A pilot randomized controlled trial evaluating outdoor community walking for knee osteoarthritis: walk.
Study Goal
To determine the feasibility of a randomized controlled trial examining outdoor walking's effects on knee osteoarthritis clinical outcomes and MRI structural changes.
Results Summary
The walking group showed clinically important improvements in symptoms (e.g., reduced knee pain) compared to usual care, with 70% program adherence and 70.8% retention.

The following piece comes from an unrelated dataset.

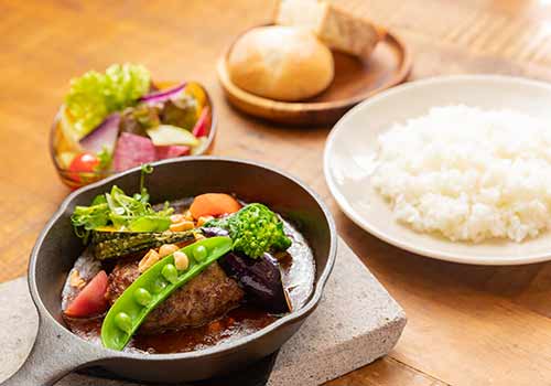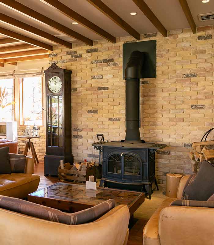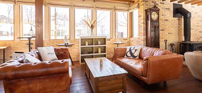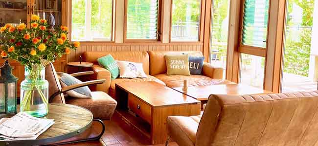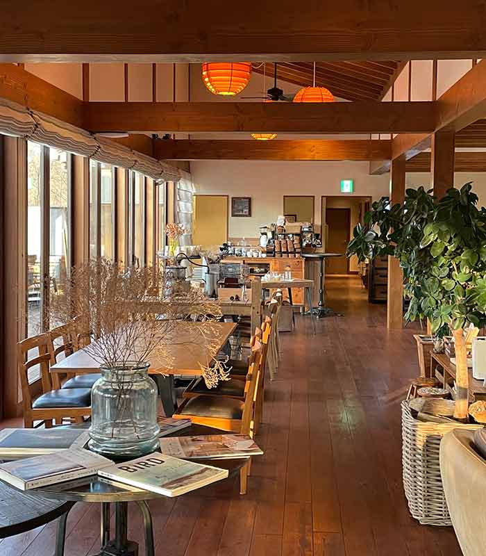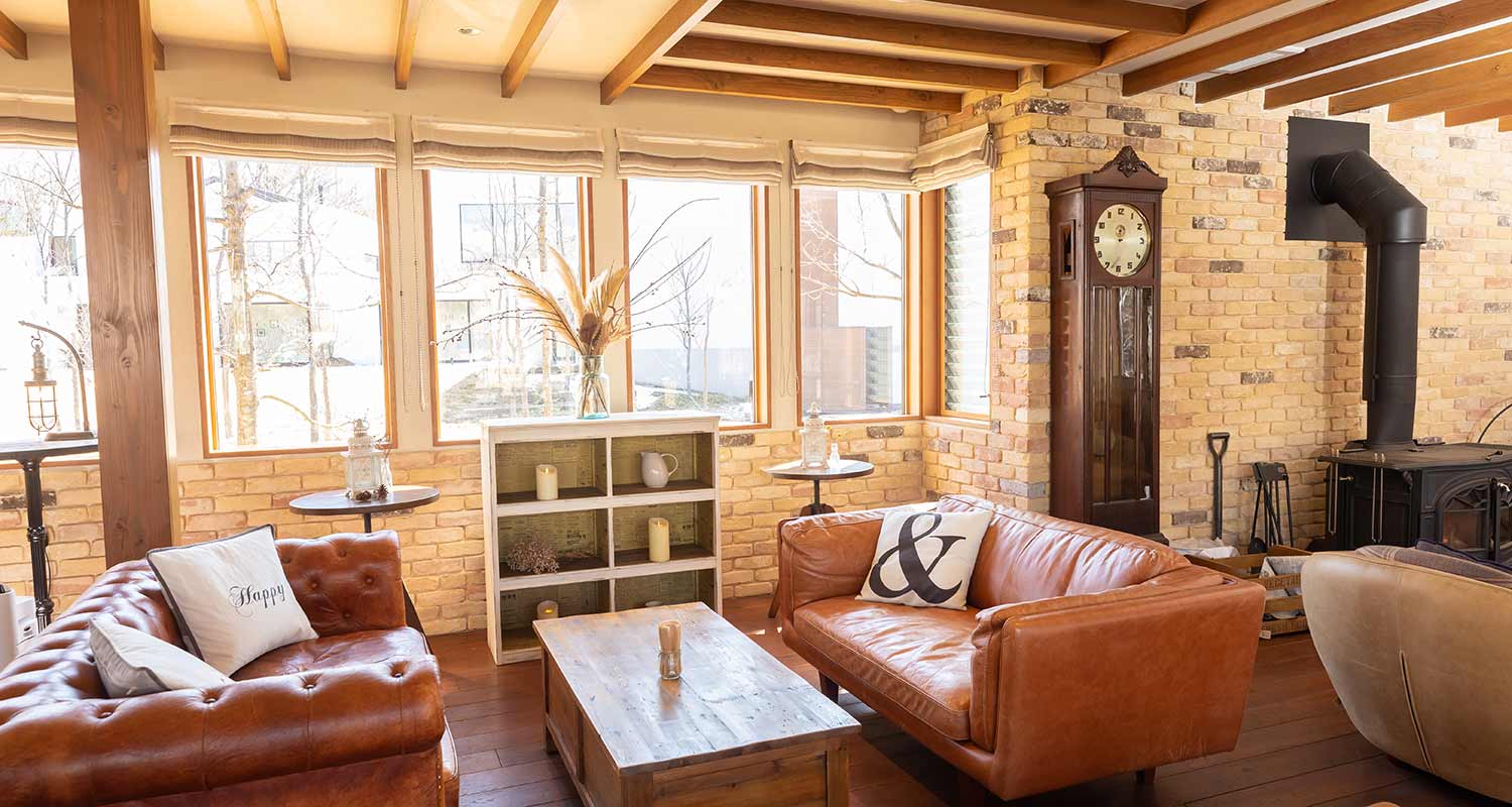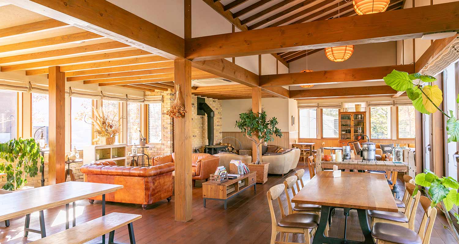 不揃いのヴィンテージ家具たちがさまざまな表情を醸し出し那須の自然にとけ込み、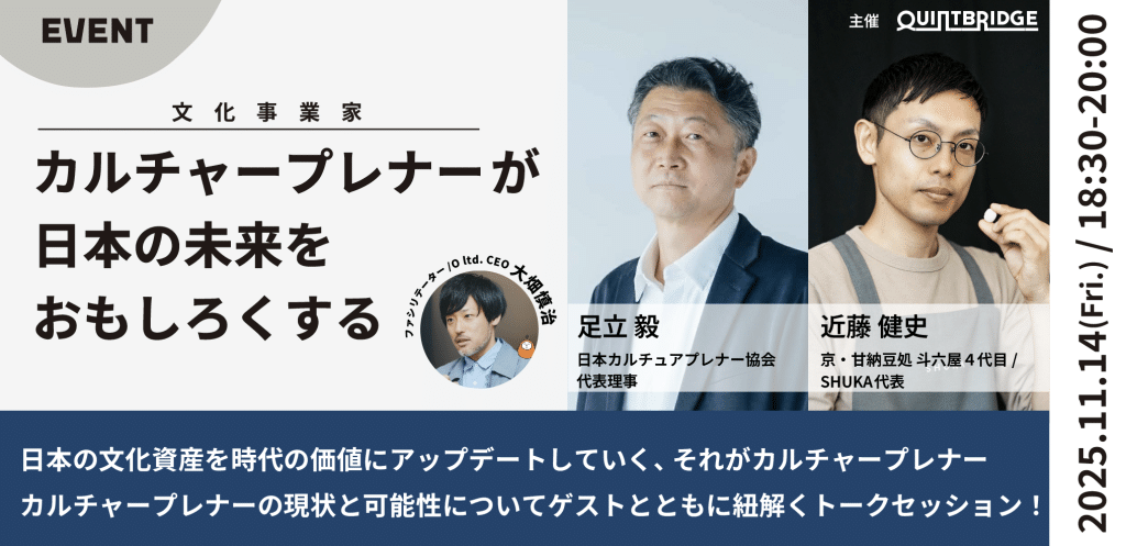 カルチャープレナー(文化起業家)はおもしろい。これまでつちかってきた日本の文化資産をこれからの時代の価値にアップデートしていく、それがカルチャープレナー(文化起業家)。私たちの日常生活や人生を、より豊かで楽しいものにしていくカルチャプレナーの現状とこれからの可能性についてゲストとともに紐解いていきます。

The study identified recruitment challenges but supported the feasibility of a full-scale RCT.
Population
Adults with knee osteoarthritis (mean age 66 years, 60% female).
Effective Dosage
3 days/week walking.
Duration
24 weeks.
Interactions
None mentioned.
| Intervention | Direction | Endpoint | Population | Dosage | Impact | Claim # |
|---|---|---|---|---|---|---|
outdoor walking program (plus usual care) | decrease | self-reported knee osteoarthritis symptoms | KOA participants | - | resulted in large improvements | #1 |
outdoor walking program (plus usual care) | decrease | symptoms | walking group | - | experienced clinically important improvements | #2 |
outdoor walking program (plus usual care) | decrease | visual analogue scale (VAS) knee pain | walking group | -38.7 mm [95% CI -47.1 to -30.3] | change | #3 |
usual care | increase | visual analogue scale (VAS) knee pain | usual care group | 4.3 mm [-4.9 to 13.4] | change | #4 |
outdoor walking program (plus usual care) | increase | mild adverse events | walking group | - | had a higher number | #5 |
OBJECTIVES: To determine the feasibility of a randomized controlled trial (RCT) examining outdoor walking on knee osteoarthritis (KOA) clinical outcomes and magnetic resonance imaging (MRI) structural changes. METHOD: This was a 24-week parallel two-arm pilot RCT in Tasmania, Australia. KOA participants were randomized to either a walking plus usual care group or a usual care control group. The walking group trained 3 days/week. The primary outcome was feasibility assessed by changes being required to the study design, recruitment, randomization, program adherence, safety, and retention. Exploratory outcomes were changes in symptoms, physical performance/activity, and MRI measures. RESULTS: Forty participants (mean age 66 years (SD 1.4) and 60% female) were randomized to walking (n = 24) or usual care (n = 16). Simple randomization resulted in a difference in numbers randomized to the two groups. During the study, class sizes were reduced from 10 to 8 participants to improve supervision, and exclusion criteria were added to facilitate program adherence. In the walking group, total program adherence was 70.0% and retention 70.8% at 24 weeks. The walking group had a higher number of mild adverse events and experienced clinically important improvements in symptoms (e.g., visual analogue scale (VAS) knee pain change in the walking group: - 38.7 mm [95% CI - 47.1 to - 30.3] versus usual care group: 4.3 mm [- 4.9 to 13.4]). CONCLUSIONS: This study supports the feasibility of a full-scale RCT given acceptable adherence, retention, randomization, and safety, and recruitment challenges have been identified. Large symptomatic benefits support the clinical usefulness of a subsequent trial. TRIAL REGISTRATION NUMBER: 12618001097235. Key Points • This pilot study is the first to investigate the effects of an outdoor walking program on knee osteoarthritis clinical outcomes and MRI joint structure, and it indicates that a full-scale RCT is feasible. • The outdoor walking program (plus usual care) resulted in large improvements in self-reported knee osteoarthritis symptoms compared to usual care alone. • The study identified recruitment challenges, and the manuscript explores these in more details and provides recommendations for future studies.